> **Task**
Reproduce only the lines that run from the line containing "Iran, Syria, Yemen, and" to the end of the entries below, exactly as they stand.

---------------

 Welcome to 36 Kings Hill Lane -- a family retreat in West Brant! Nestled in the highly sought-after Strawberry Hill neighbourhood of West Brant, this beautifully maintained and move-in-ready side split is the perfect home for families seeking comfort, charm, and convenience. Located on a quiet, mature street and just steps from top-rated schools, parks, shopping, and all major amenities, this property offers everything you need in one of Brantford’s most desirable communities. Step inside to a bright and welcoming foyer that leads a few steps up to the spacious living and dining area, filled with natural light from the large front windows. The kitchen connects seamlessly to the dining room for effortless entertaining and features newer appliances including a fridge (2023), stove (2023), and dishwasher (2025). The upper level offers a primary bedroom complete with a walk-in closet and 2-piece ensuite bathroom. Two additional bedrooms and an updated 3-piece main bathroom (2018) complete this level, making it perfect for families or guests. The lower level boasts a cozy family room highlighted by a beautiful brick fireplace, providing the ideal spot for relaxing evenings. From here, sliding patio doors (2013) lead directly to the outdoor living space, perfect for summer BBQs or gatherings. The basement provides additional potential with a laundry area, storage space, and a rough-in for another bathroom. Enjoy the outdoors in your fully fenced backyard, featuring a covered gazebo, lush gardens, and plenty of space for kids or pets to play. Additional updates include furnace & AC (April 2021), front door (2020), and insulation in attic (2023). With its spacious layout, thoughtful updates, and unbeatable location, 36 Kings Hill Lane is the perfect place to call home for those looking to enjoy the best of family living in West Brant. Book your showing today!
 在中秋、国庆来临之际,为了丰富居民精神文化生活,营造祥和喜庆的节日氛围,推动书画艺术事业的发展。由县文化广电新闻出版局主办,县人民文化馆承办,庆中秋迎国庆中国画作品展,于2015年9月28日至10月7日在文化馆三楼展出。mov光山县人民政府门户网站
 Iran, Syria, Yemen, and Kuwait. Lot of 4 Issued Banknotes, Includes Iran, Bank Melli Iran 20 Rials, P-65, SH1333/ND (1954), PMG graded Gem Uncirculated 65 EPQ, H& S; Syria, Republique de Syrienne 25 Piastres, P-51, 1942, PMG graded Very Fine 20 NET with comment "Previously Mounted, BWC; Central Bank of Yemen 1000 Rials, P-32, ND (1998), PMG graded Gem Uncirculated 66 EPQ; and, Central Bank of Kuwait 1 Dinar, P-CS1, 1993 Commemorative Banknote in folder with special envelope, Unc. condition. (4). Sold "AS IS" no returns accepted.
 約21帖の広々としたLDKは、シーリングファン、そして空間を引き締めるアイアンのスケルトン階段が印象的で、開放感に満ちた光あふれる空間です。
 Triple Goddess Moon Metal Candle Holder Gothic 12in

---------------

> **The answer**
 Iran, Syria, Yemen, and Kuwait. Lot of 4 Issued Banknotes, Includes Iran, Bank Melli Iran 20 Rials, P-65, SH1333/ND (1954), PMG graded Gem Uncirculated 65 EPQ, H& S; Syria, Republique de Syrienne 25 Piastres, P-51, 1942, PMG graded Very Fine 20 NET with comment "Previously Mounted, BWC; Central Bank of Yemen 1000 Rials, P-32, ND (1998), PMG graded Gem Uncirculated 66 EPQ; and, Central Bank of Kuwait 1 Dinar, P-CS1, 1993 Commemorative Banknote in folder with special envelope, Unc. condition. (4). Sold "AS IS" no returns accepted.
 約21帖の広々としたLDKは、シーリングファン、そして空間を引き締めるアイアンのスケルトン階段が印象的で、開放感に満ちた光あふれる空間です。
 Triple Goddess Moon Metal Candle Holder Gothic 12in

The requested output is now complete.